Supplied entries:
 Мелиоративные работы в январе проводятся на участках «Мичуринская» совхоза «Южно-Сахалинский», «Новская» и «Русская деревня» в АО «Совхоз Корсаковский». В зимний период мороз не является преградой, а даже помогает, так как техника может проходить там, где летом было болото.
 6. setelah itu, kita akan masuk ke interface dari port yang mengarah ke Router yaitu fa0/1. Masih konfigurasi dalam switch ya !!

--

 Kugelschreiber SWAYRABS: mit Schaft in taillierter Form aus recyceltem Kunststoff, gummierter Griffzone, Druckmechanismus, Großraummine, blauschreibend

...

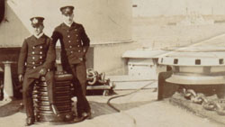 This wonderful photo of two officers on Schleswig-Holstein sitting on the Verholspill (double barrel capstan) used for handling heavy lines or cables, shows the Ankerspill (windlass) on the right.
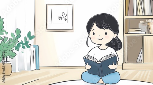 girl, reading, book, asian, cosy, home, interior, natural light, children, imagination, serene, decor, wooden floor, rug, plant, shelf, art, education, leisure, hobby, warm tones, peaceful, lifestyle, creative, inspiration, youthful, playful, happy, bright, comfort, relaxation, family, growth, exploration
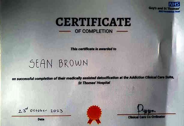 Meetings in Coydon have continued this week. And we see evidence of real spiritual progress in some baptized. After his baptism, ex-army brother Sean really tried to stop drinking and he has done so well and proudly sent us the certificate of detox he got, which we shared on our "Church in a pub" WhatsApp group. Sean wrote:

Problem requirements: The lines to set down run from the line with "This wonderful photo" up to and including the line with "Meetings in Coydon" in the entries above. Reproduce them exactly, with no pictures.

Answer to the exercise:
 This wonderful photo of two officers on Schleswig-Holstein sitting on the Verholspill (double barrel capstan) used for handling heavy lines or cables, shows the Ankerspill (windlass) on the right.
 girl, reading, book, asian, cosy, home, interior, natural light, children, imagination, serene, decor, wooden floor, rug, plant, shelf, art, education, leisure, hobby, warm tones, peaceful, lifestyle, creative, inspiration, youthful, playful, happy, bright, comfort, relaxation, family, growth, exploration
 Meetings in Coydon have continued this week. And we see evidence of real spiritual progress in some baptized. After his baptism, ex-army brother Sean really tried to stop drinking and he has done so well and proudly sent us the certificate of detox he got, which we shared on our "Church in a pub" WhatsApp group. Sean wrote:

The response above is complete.